What this task involves: Each line in the material below, starting at the one with "натуральным еловым иголкам." and ending at the one with "Mientras tanto, diluid", is to be reproduced exactly; no picture is to be copied.

━━ Records provided

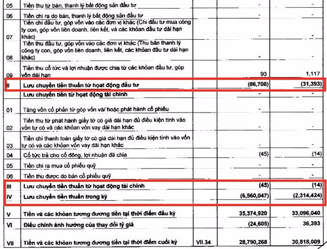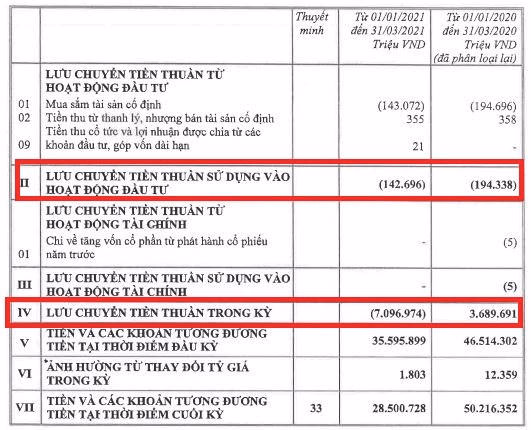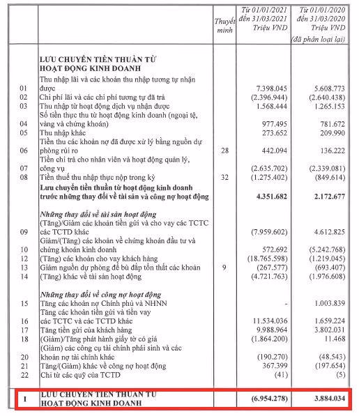 Trong khi đó, lưu chuyển tiền thuần trong kỳ tại Techcombank cũng đang âm gần 7.097 tỷ đồng trong khi cùng kỳ 2020 đạt hơn 3.689 tỷ đồng. Trong đó, lưu chuyển tiền thuần từ hoạt động kinh doanh bị âm hơn 6.954 tỷ (cùng kỳ 2020 dương 3.884 tỷ đồng) chủ yếu do các khoản cho vay khách hàng tăng, lên hơn 18.765 tỷ trong khi tiền gửi của khách hàng chảy vào chỉ tăng lên gần 9.989 tỷ đồng. Đồng thời, Techcombank còn thanh toán khoản công nợ hoạt động hơn 367 tỷ đồng.
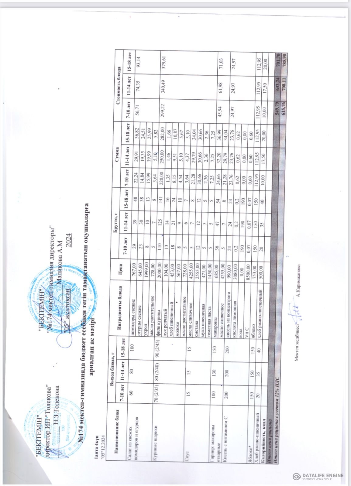 Ыстық тамақты ұйымдастырудың жұмыс жоспары
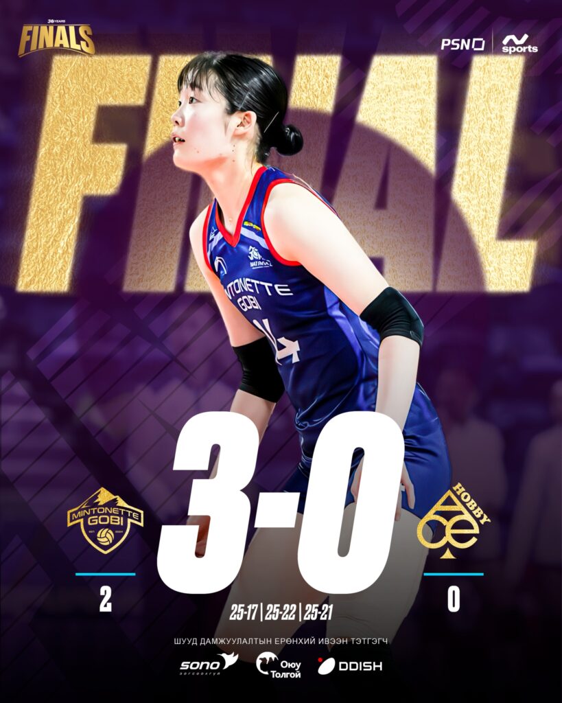 Хобби эйс хагас шигшээ цувралд тун сайн тоглолтыг үзүүлж Хөвсгөл Севен Старсыг буулгаж авсан. Харин финалын шатны тоглолтод дараалан хоёр ялагдлаа. Ингэхдээ нэг сетийн хожил ч авч чадсангүй. Тэдний хамгаалалт довтолгоо муу гэхээс илүү Минтонет Говийн хамгаалалт, довтолгоо, багийн ойлголцол илүү сайн байгаа нь хожил байгуулахад гол нөлөө үзүүлж байна. Цувралын хоёр дох тоглолтын шилдгээр 15 довтолгоо, 1 хаалт, 1 давуулалт амжилттай гүйцэтгэсэн Оноүэ Мизүхо тодорсон. Түүний хувьд довтолгоо дээр илүү идэвхтэй байлаа.
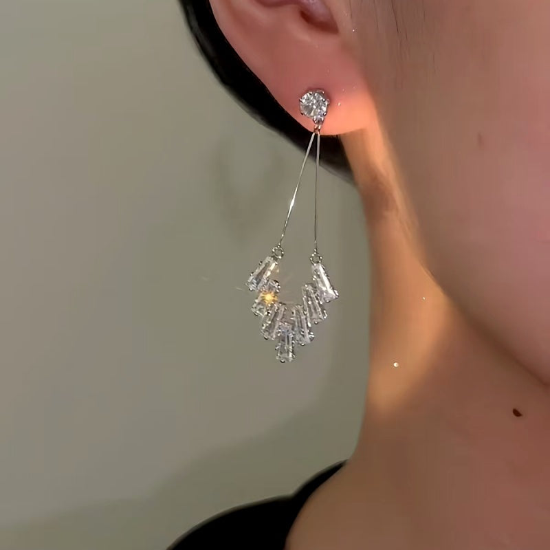 14K Gold-plated Elegant Zircon Tassel Earrings
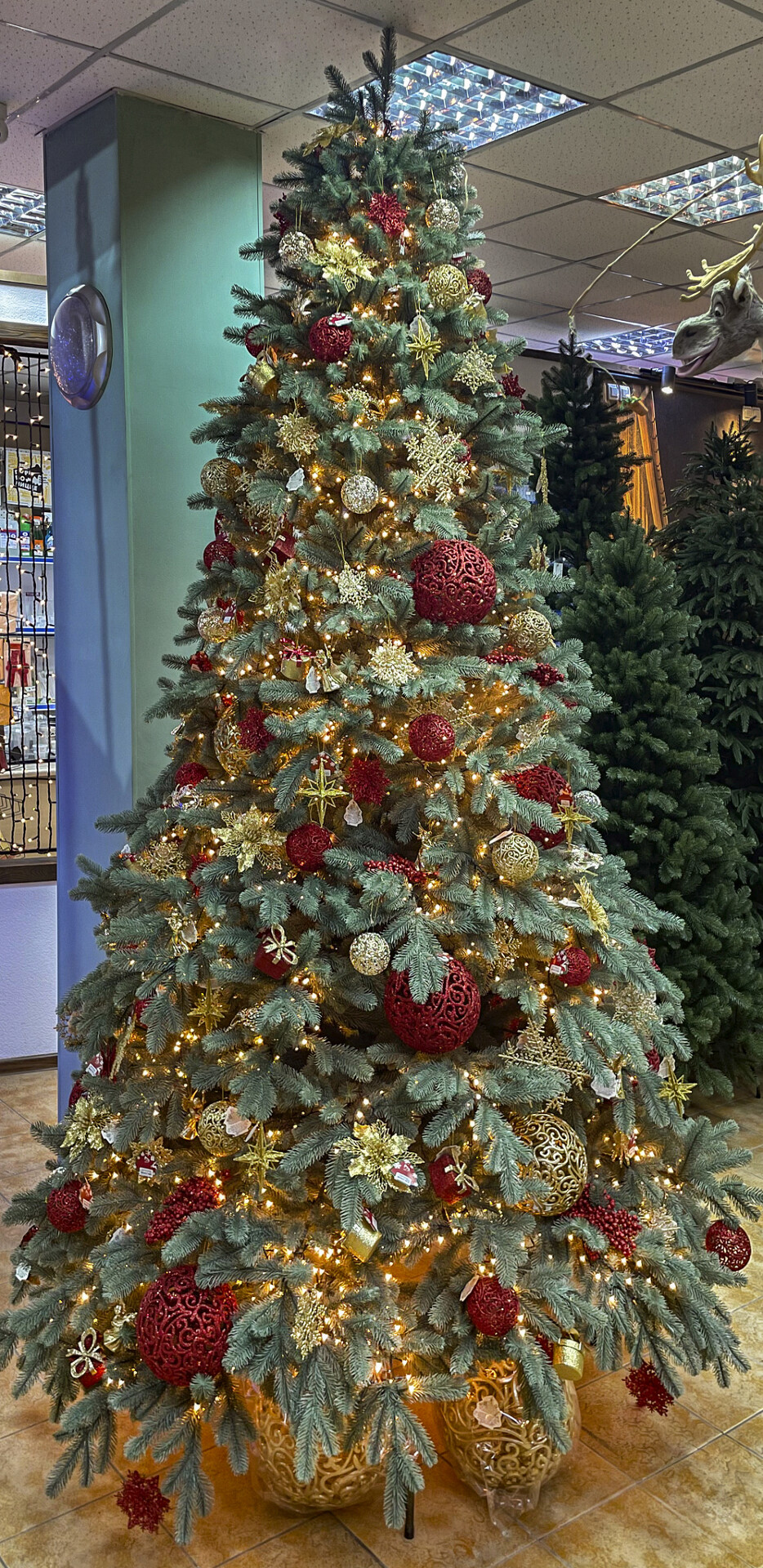 • Хвоя: Литые иголки из 100% PE, внешне идентичны натуральным еловым иголкам.
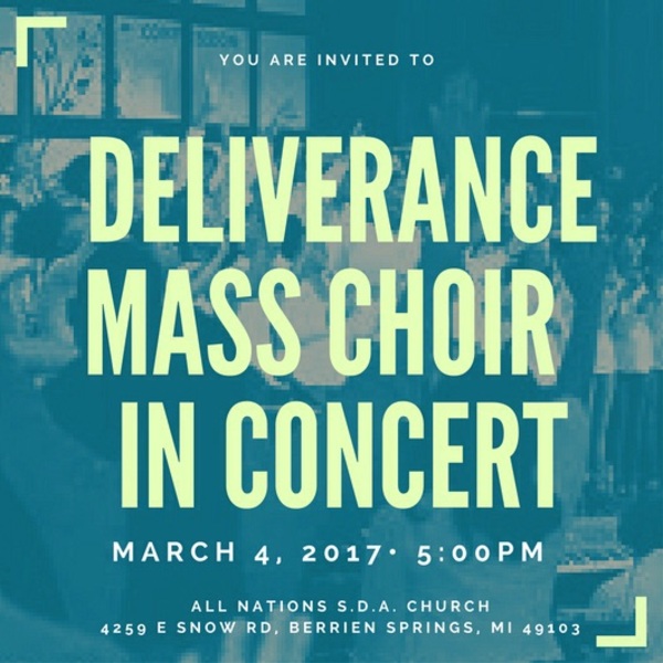 All Nations Youth Ministries invites you to a concert with Deliverance Mass Choir. The event is free and starts at 5:00 pm on March 4th. 4259 East Snow Road,...
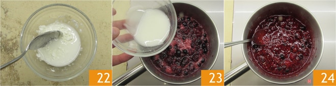 Mientras tanto, diluid la maicena con el agua 22. Verted la mezcla poco a poco en el cazo, hasta lograr la consistencia deseada 23; la salsa debe resultar fluida y brillante 24.
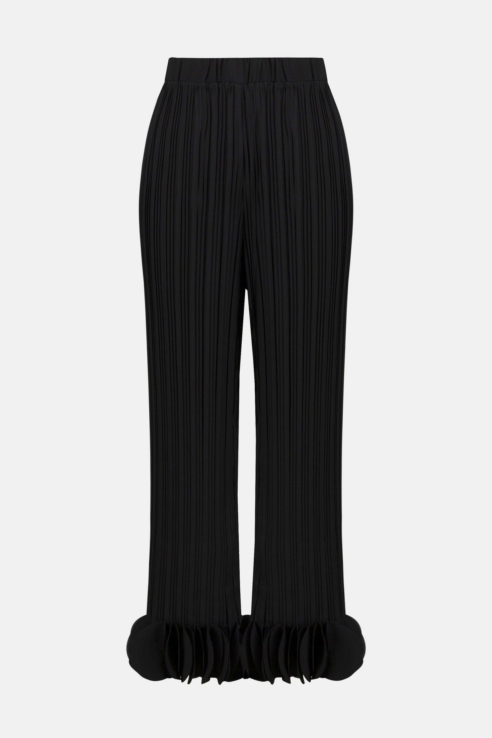 Acapara todas las miradas con estos impresionantes pantalones de pierna ancha, confeccionados en georgette ligero y fluido que te ofrece una elegancia y movimiento sin esfuerzo. Los delicados pliegues aportan volumen y estilo, mientras que la cinturilla estructurada y contorneada estiliza la cintura para una silueta elegante. Un llamativo aplique circular en las aberturas de las piernas le da un toque único y llamativo, convirtiéndolos en la opción perfecta para cualquier ocasión especial.
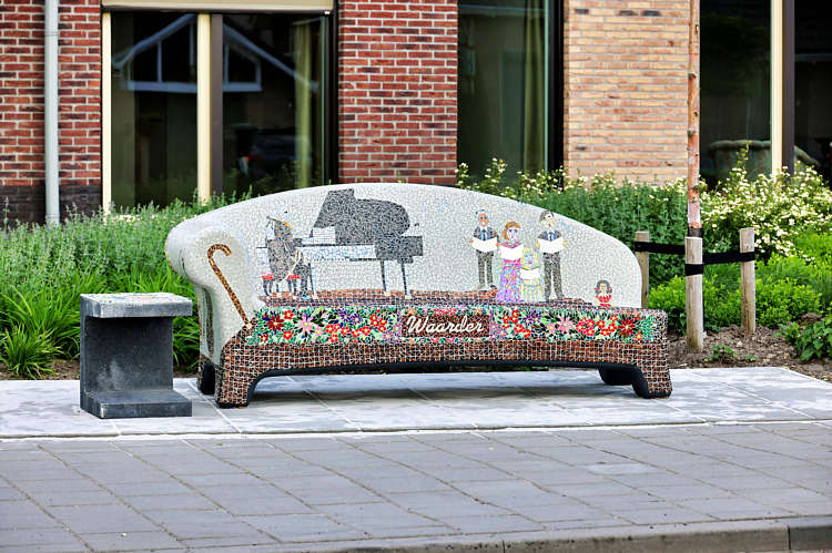 On Saturday afternoon, May 5, 2025, the second mosaic bench in Waarder was unveiled. This bench, located in front of the Amadeus House, features a music-inspired design.
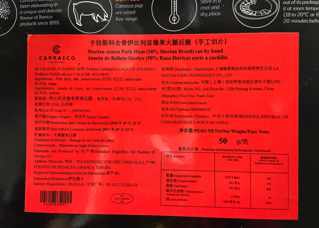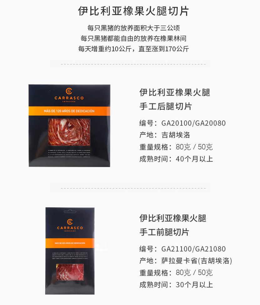 【125年四代传承的西班牙风味】Carrasco伊比利亚橡果后腿48个月风干 手工切片生吃火腿50g 西班牙原装进口
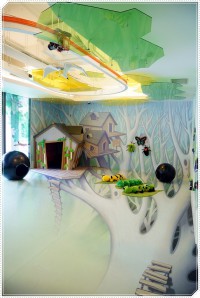 樟樹王國裡有著美麗的3D彩繪,引領大小朋友進入老樟樹的童話世界,利用故事繪本、互動式道具,讓小朋友邊聽邊玩,還有毛毛蟲玩偶、、磁鐵與造型拼圖等玩具。
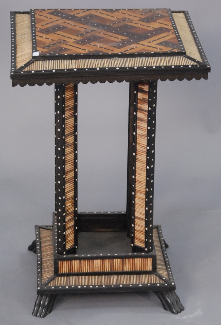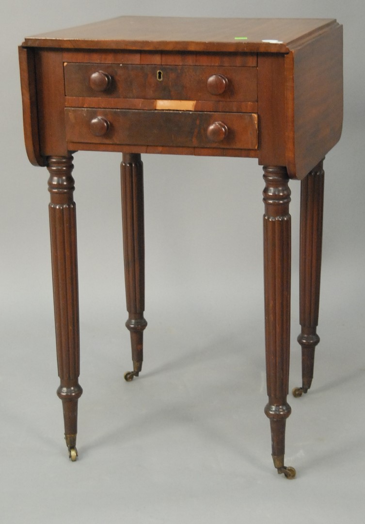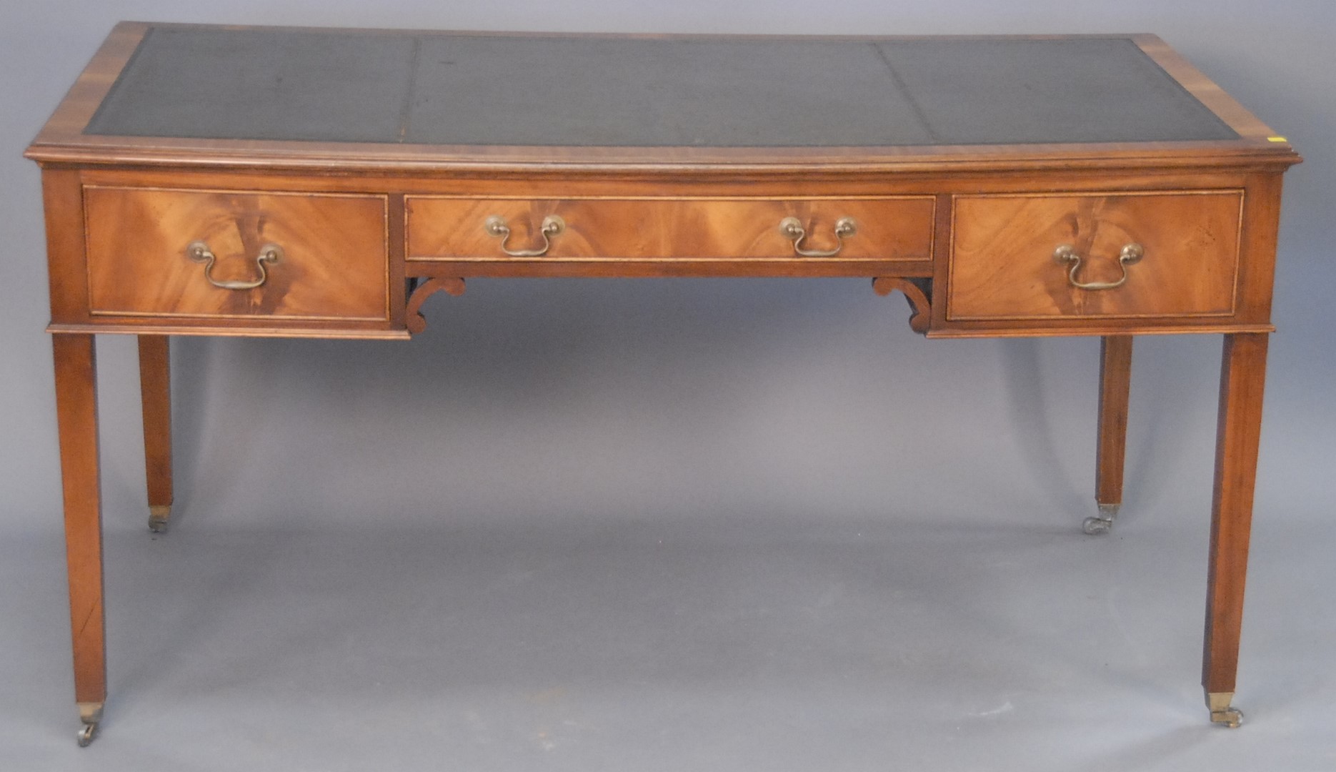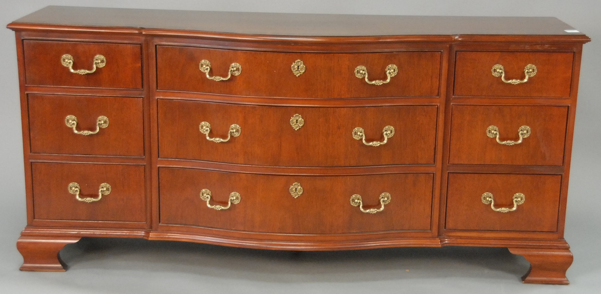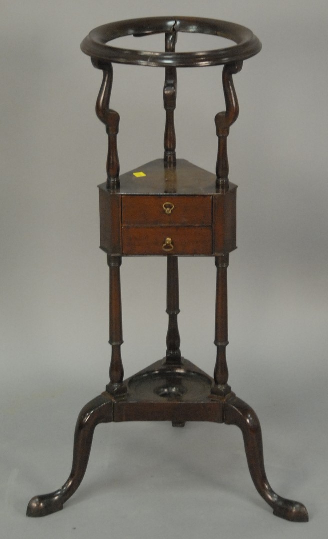 Queen Anne burlwood kneehole desk having slant lid, interior with well, double bank of drawers, and center door all on ball feet, early 18th century. ht. 32 1/2 dia. 35 1/2

━━━━

Response area:
 • Хвоя: Литые иголки из 100% PE, внешне идентичны натуральным еловым иголкам.
 All Nations Youth Ministries invites you to a concert with Deliverance Mass Choir. The event is free and starts at 5:00 pm on March 4th. 4259 East Snow Road,...
 Mientras tanto, diluid la maicena con el agua 22. Verted la mezcla poco a poco en el cazo, hasta lograr la consistencia deseada 23; la salsa debe resultar fluida y brillante 24.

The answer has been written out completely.